The Charleston Library Society and Buxton Books are proud to present Patrick Dean for a Lite Lunch celebrating his book, Nature’s Messenger: Mark Catesby and his Adventures in a New World.
During this Lite Lunch program, the acclaimed writer and Catesby chronicler Patrick Dean will share stories from his fascinating new book, Nature’s Messenger, as we retrace the pioneering naturalist’s personal and professional path from his youth as a landed gentleman in rural England through his early work as an emerging wildlife artist and beyond.
Dr. Nic Butler, a noted historian with the Charleston County Public Library, will add his own insights to this fresh exploration of Catesby’s life and legacy, as well as his lasting influence on Charleston.
Ticket prices are as follows:
Tickets are $25 for members, $35 for guests.
Click here or call 843.723.9912 during Box Office Hours (11:00am–4:00pm, Monday through Thursday) to purchase.
About Mark Catesby:
In 1722, Mark Catesby stepped ashore in “Charles Town” in the Carolina colony. Over the next four years, the young naturalist made history as he explored deep into America’s natural wonders, collecting and drawing plants and animals which had never been seen back in the Old World. Nine years later Catesby produced his magnificent and groundbreaking book, The Natural History of Carolina, the first-ever illustrated account of American flora and fauna. Catesby preceded John James Audubon by nearly a century, and his work had a profound influence on our understanding of American wildlife and naturalist art.
About the Book:
An adventurer and journeyman with an insatiable curiosity rivaled only by an eye for detail, Catesby was an artist of unparalleled scope. His careful attention to the knowledge of non-Europeans in America—the enslaved Africans and Native Americans who had their own sources of food and medicine from nature—set him apart from others of his time (although Dean does not shy away from Catesby’s actions and affiliations, either). Nature’s Messenger takes us from the rice plantations of the Carolina Lowcountry to the bustling coffeehouses of 18th-century England, from the sun-drenched islands of the Bahamas to the austere meeting-rooms of London’s Royal Society, then presided over by Isaac Newton. It was a time of discovery, of intellectual ferment, and of the rise of the British Empire. And there on history’s leading edge, recording the extraordinary and often violent mingling of cultures as well as of nature, was Mark Catesby. Intensively researched and thrillingly told, Nature’s Messenger will thrill fans of exploration and early American history as well as appealing to birdwatchers, botanists, and anyone fascinated by the natural world.
About the Author:
Patrick Dean writes on the outdoors and the environment. He has worked as a teacher, a political media director, and is presently the executive director of a rail-trail nonprofit.
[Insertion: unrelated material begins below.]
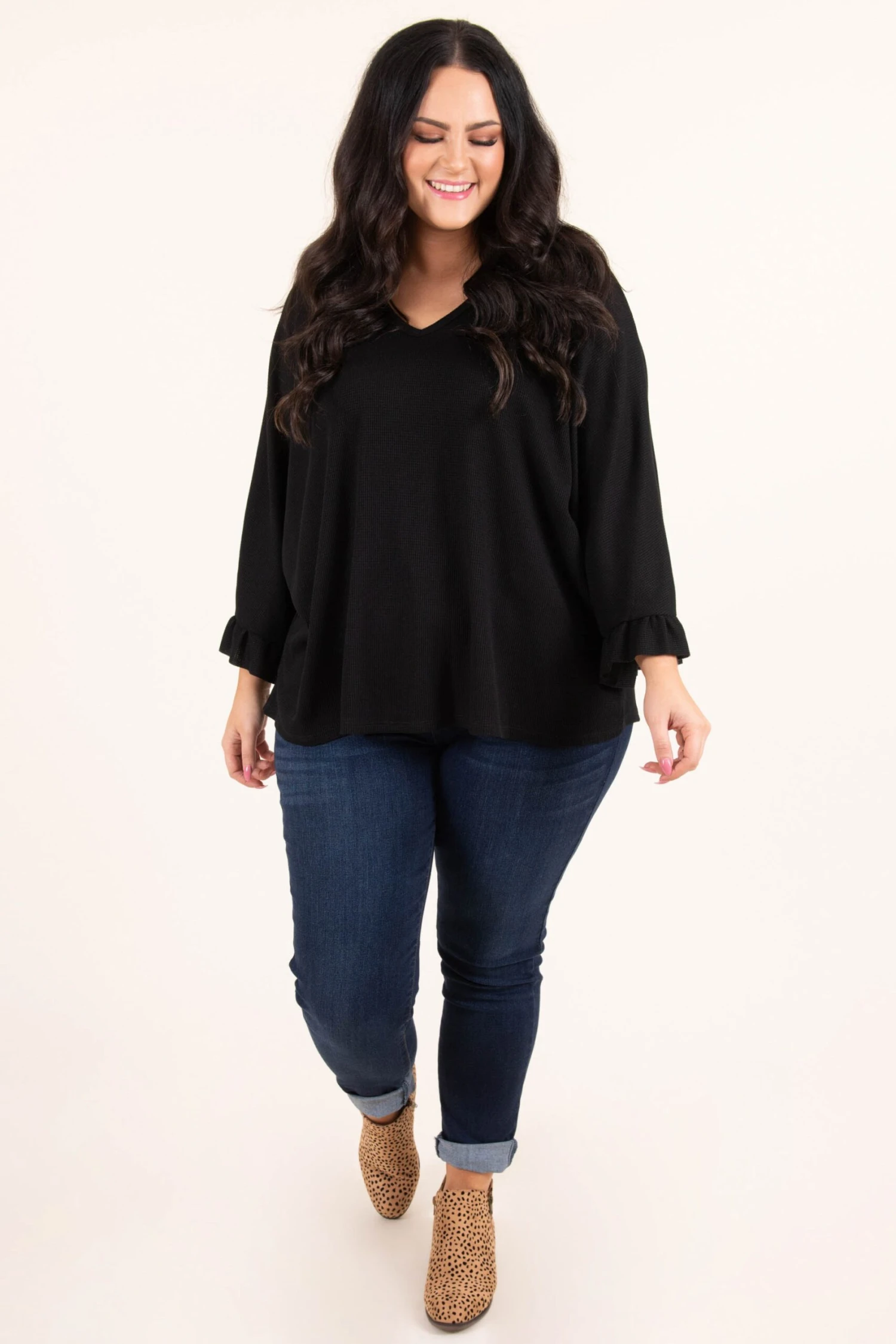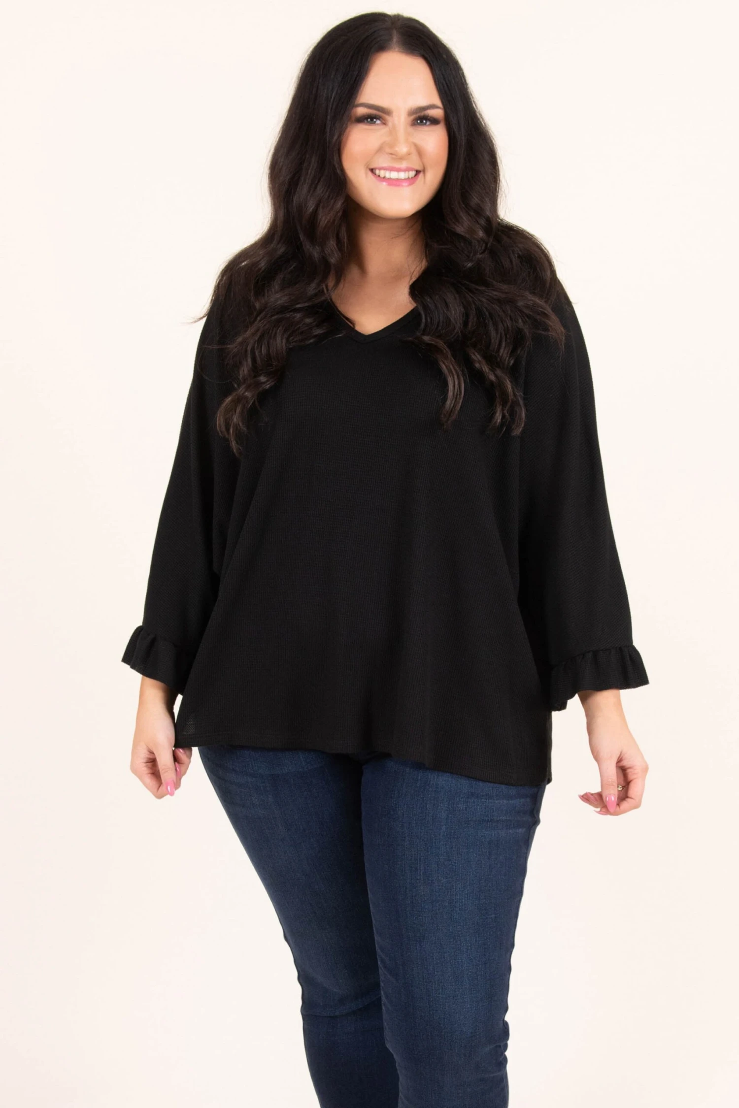 The possibilities are endless with this adorable top! This top has a neutral black color and lovely ruffles around the sleeves! The sweet neckline and flowy fit are just in time for the season! Simply style this top with some skinnies and cute accessories for a casual, chic look!

An avid trail-runner, paddler, and mountain-biker, he lives with his wife and dogs on the Cumberland Plateau in Tennessee, and is the author of A Window To Heaven, about the summit of Denali, also available from Pegasus Books.
About Nic Butler, Ph.D:
Nic is the historian for the Charleston County Public Library. A native of Greenville County, Dr. Butler has worked for more than twenty years as a public historian specializing in the Lowcountry of South Carolina. As creator and host of the bi-weekly podcast “Charleston Time Machine,” Dr. Butler draws attention to a wide variety of under-explored aspects of local history and neglected documentary resources.